With that in mind I should stick with the F, FA, and A's. Correct? Once we get to M lenses I lose my light meter?
You don't lose it completely with "M" lenses (or "K" lenses, which are functionally identical); you just get somewhat more limited access to it. See the sticky thread at the top of this forum on using manual lenses. Basically, you need to press a button and the camera will momentarily stop down the lens, take a meter reading, and set an appropriate shutter speed for you. So if you're accustomed to using Av mode, this is basically the same thing but you need to hit a button every once in a while (when the light changes).

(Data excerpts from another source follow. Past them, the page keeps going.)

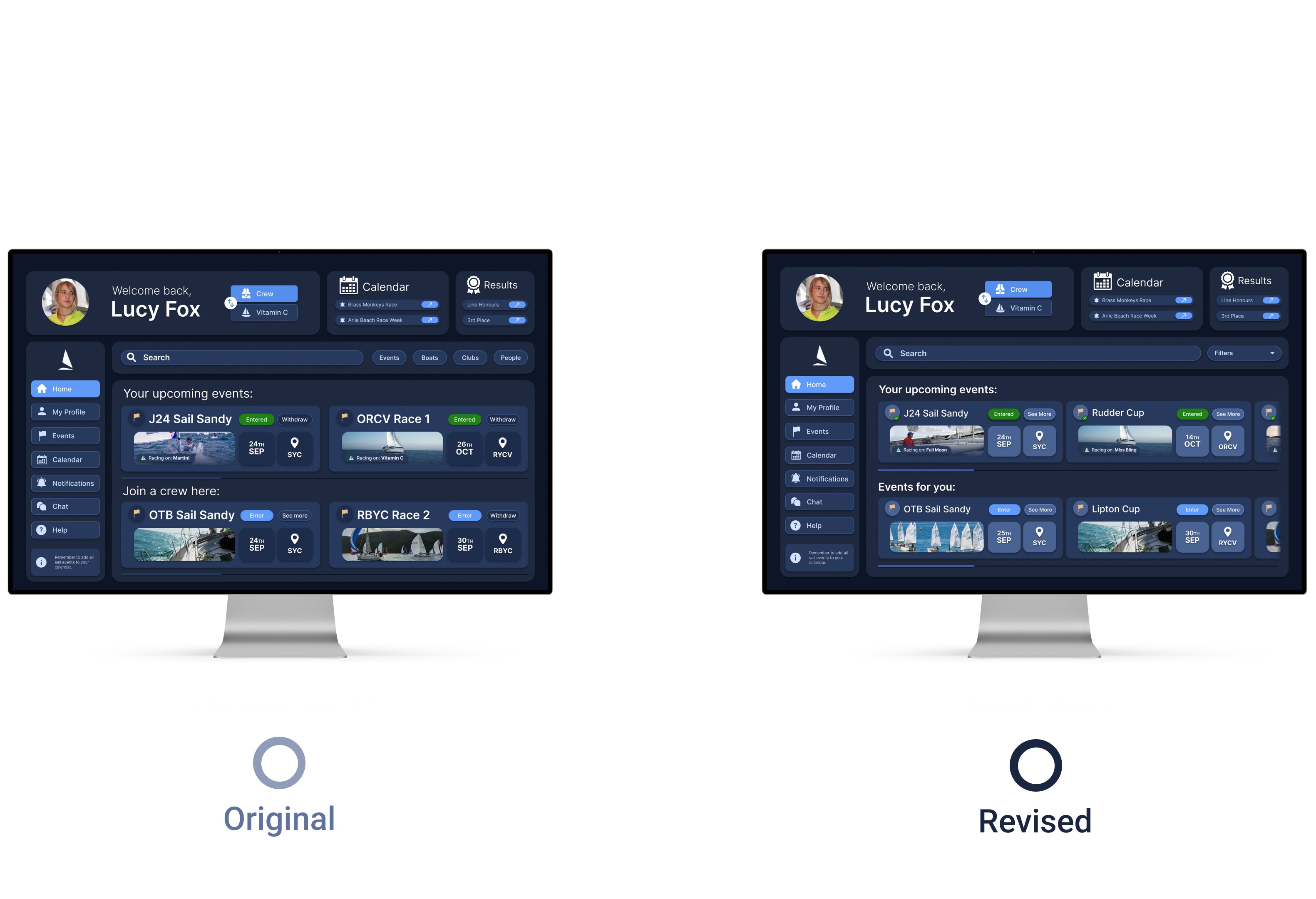 I set out to transform the cluttered, outdated interface into a clear, intuitive experience tailored to the real needs of sailors and race organisers. My goal was to dramatically streamline the user journey, making event registration effortless and improve user sentiment, task completion and reduce time on task.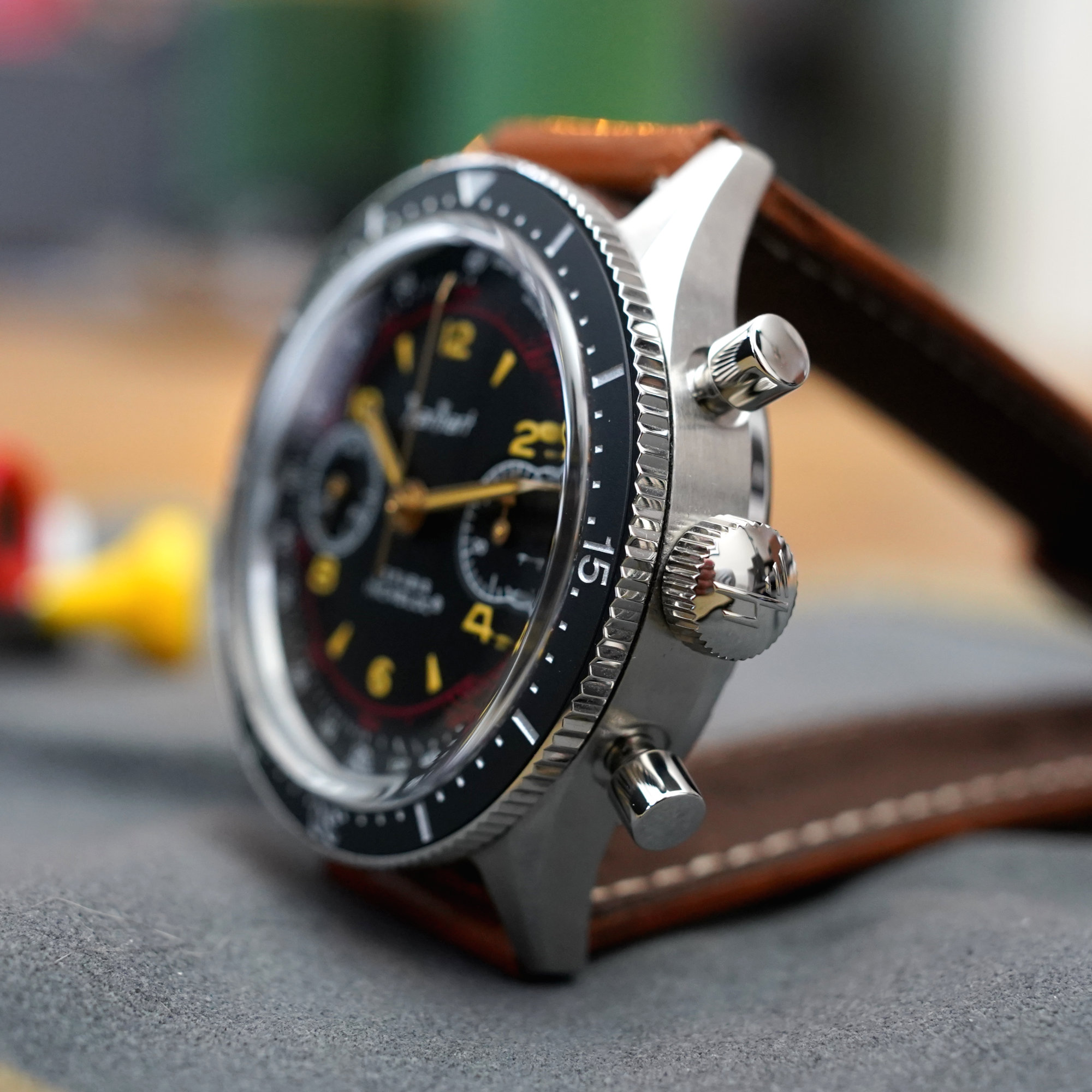Moving to the face of the 415 ES is where things get even more fun. The matte black base dial is finished with a mix of colours: yellow for the hour markers, white for the tachymeter and sub-dial scales, and red for the 100-unit scale. This unit scale was a practical feature in industrial factories, for instance, and could be used to calculate and manage productivity. The sword-shaped hour and minute hands have a lovely golden finish and Super-LumiNova inserts. A very nice touch is the bent tips for both the central minutes hand and the chronograph seconds hand, adding character and depth to the 415 ES. The finishing touch is the return of the winged Hanhart logo.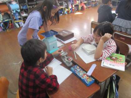 重さの学習で「はかり」を使いました。色々なはかりに触れ,子どもたちは「重さ」に興味を持つことができました。
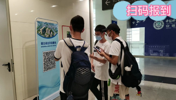 为做好疫情防控工作,我校在每个报到入口设置体温检测点,安排志愿者对所有来报到的营员进行体温检测和扫描安康码。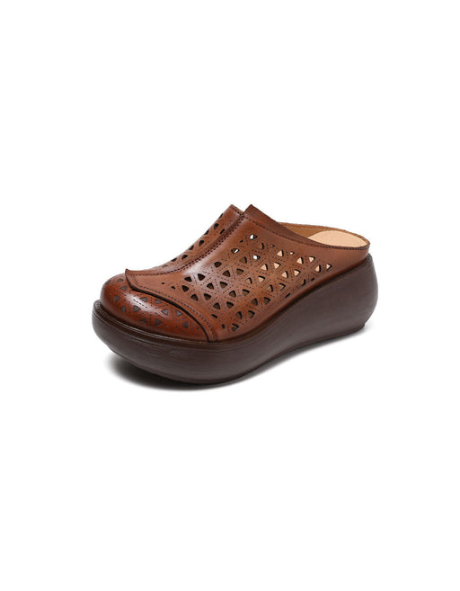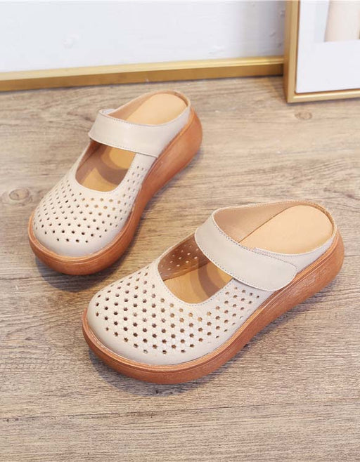 Afficher tous les détailsSandales compensées en cuir à bout large pour l'été Hoolow
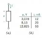Um componente linear é submetido a tensão v e uma corrente i como mostra a figura P 2.2-3a. Os valores da corrente i e da tensão correspondente v aparecem na figura P 2.2-3b. Represente o componente por uma equação que expresse m função de i. Essa é um modelo do componente. (a) Mostre que o modelo é linear. (b) Use o modelo para prever o valor de v correspondente a uma corrente de . (c) Use o modelo para prever o valor de i correspondente a uma tensão de .

With all Pentax models *except* the K2000, you can also use DOF preview to get the camera to stop down an M/K lens for as long as you want and show you a "live" meter reading, just as you get in M mode with more modern lenses. But the K2000 lacks that ability, so there is no way to get a "live" meter reading.

So with any model but the K2000, I wouldn't hesitate to get an M or K lens. But with the K2000, while the M/K lenses can be used, I would hold out for the "A".

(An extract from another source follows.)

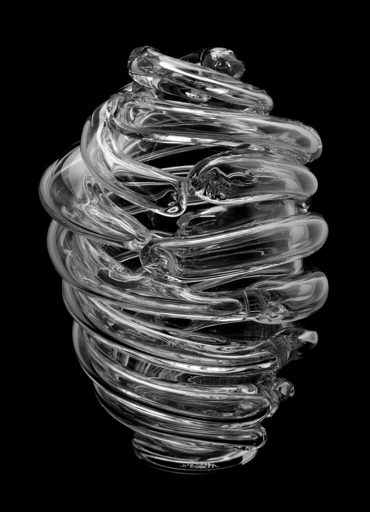 L’artista Ritsue Mishima (1962) si ispira alle forme della natura, ai riflessi di luce: i suoi vetri sono trasparenti, incolori, trasmettono una sensazione di purezza e luminosità, catturano ed espandono la luce e i colori dell’ambiente circostante.

BTW, regarding MF versus AF - I think it's great you're willing to go with MF. Yes, occasionally a shot might be missed because you couldn't focus in time. On the other hand, shots are missed using AF too, because the camera picked a different focus target than you intended or wouldn't lock in time.

Josh's birthday example is actually a prime example. With MF, you can pre-focus on the cake and be ready to go at the moment of the blowing - and it's "obvious" this is the way to do it. With AF, you can of course use the same technique of pre-focus, but the unfortunate tendency is to simply wait for the moment and then try to shoot, and you may well find AF doesn't lock quickly enough to get a shot off at all - or if it does, it locks on the subject's shoulder or someone standing behind the subject. Having AF available is great, but it doesn't necessarily solve your problems for you. And actually, I find AF without "quick shift" - the ability to instantly switch to manual focus without needing to reach around to the front of the camera to move the lever - to be more trouble than it's worth at times. And unfortunately, the F & FA lenses lack this feature. So the FA50 doesn't strike me personally as being worth 5 times the price of an A50/1.7.

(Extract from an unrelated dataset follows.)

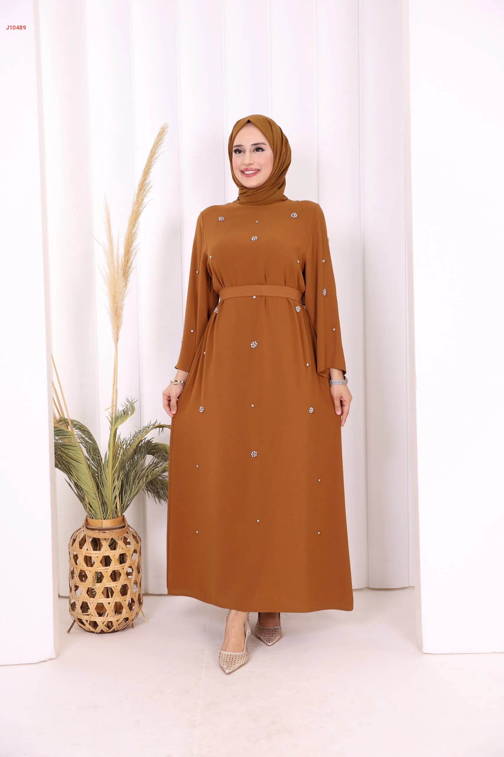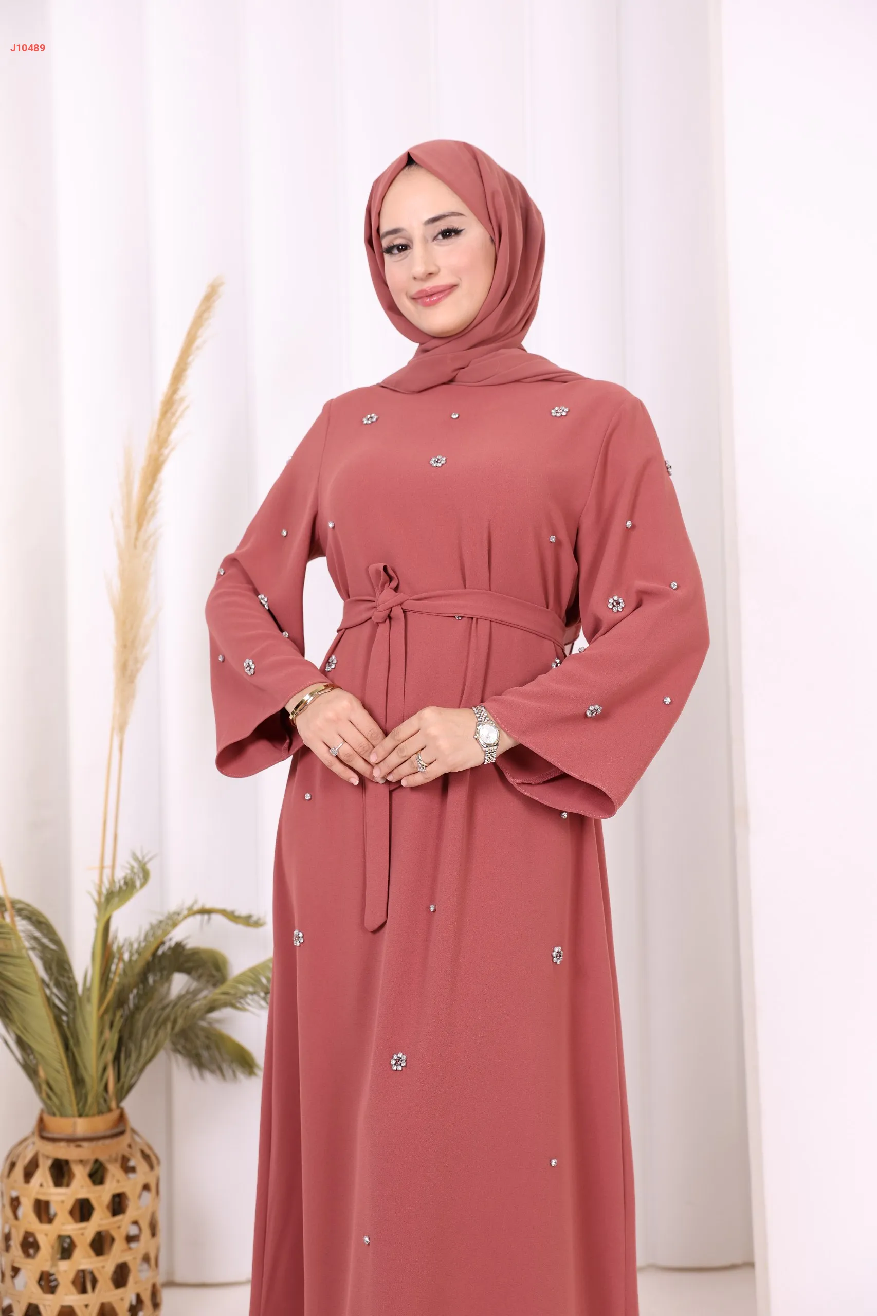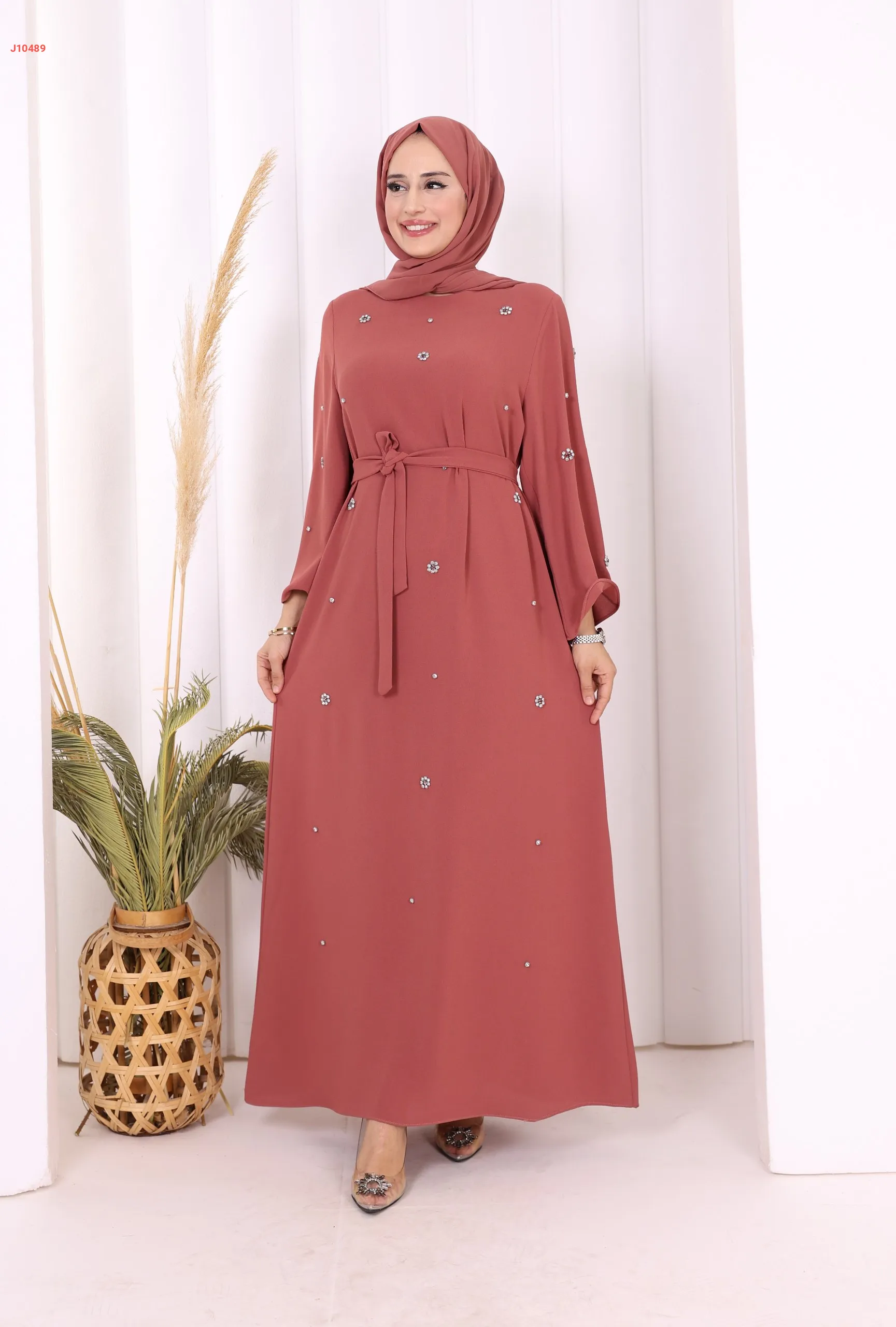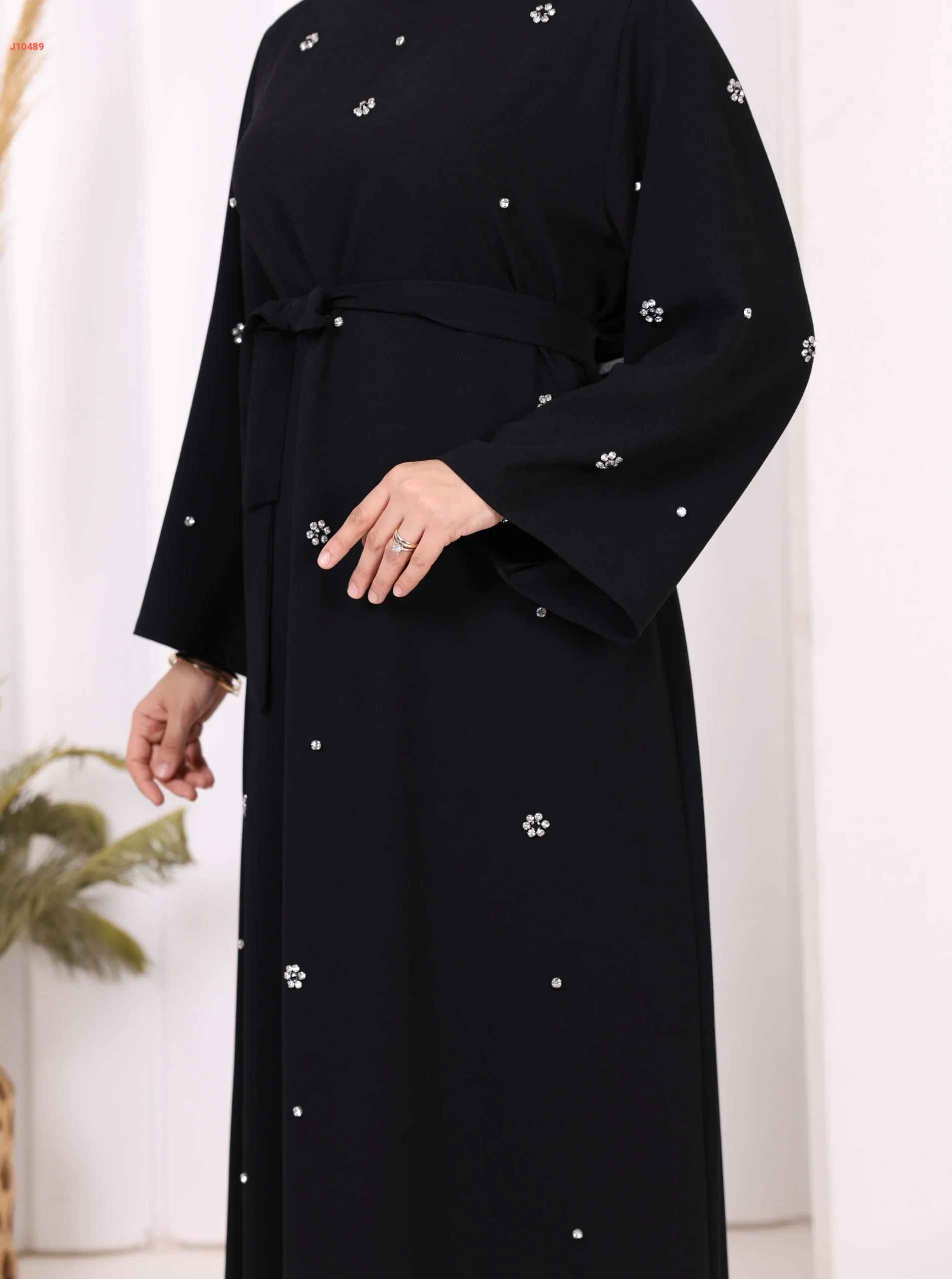 فستان سادة ، مزين بالكريستال، مع حزام

On the other hand, I totally agree with Josh about 50mm being not a great focal length on APS-C. Presumably you became attracted to the idea of a fast 50 because others have written about it, but much of what people have written about fast 50's is in the context of 35mm film, not in the context of APS-C digital. On your K2000, a 50mm would be too long for most of the kind of pictures one might otherwise want a fast lens for. Due to the "crop factor", it's a 33mm lens (or anything "near" that focal length) that provides the field of view for your DSLR that made 50mm the preferred focal length in the "old days".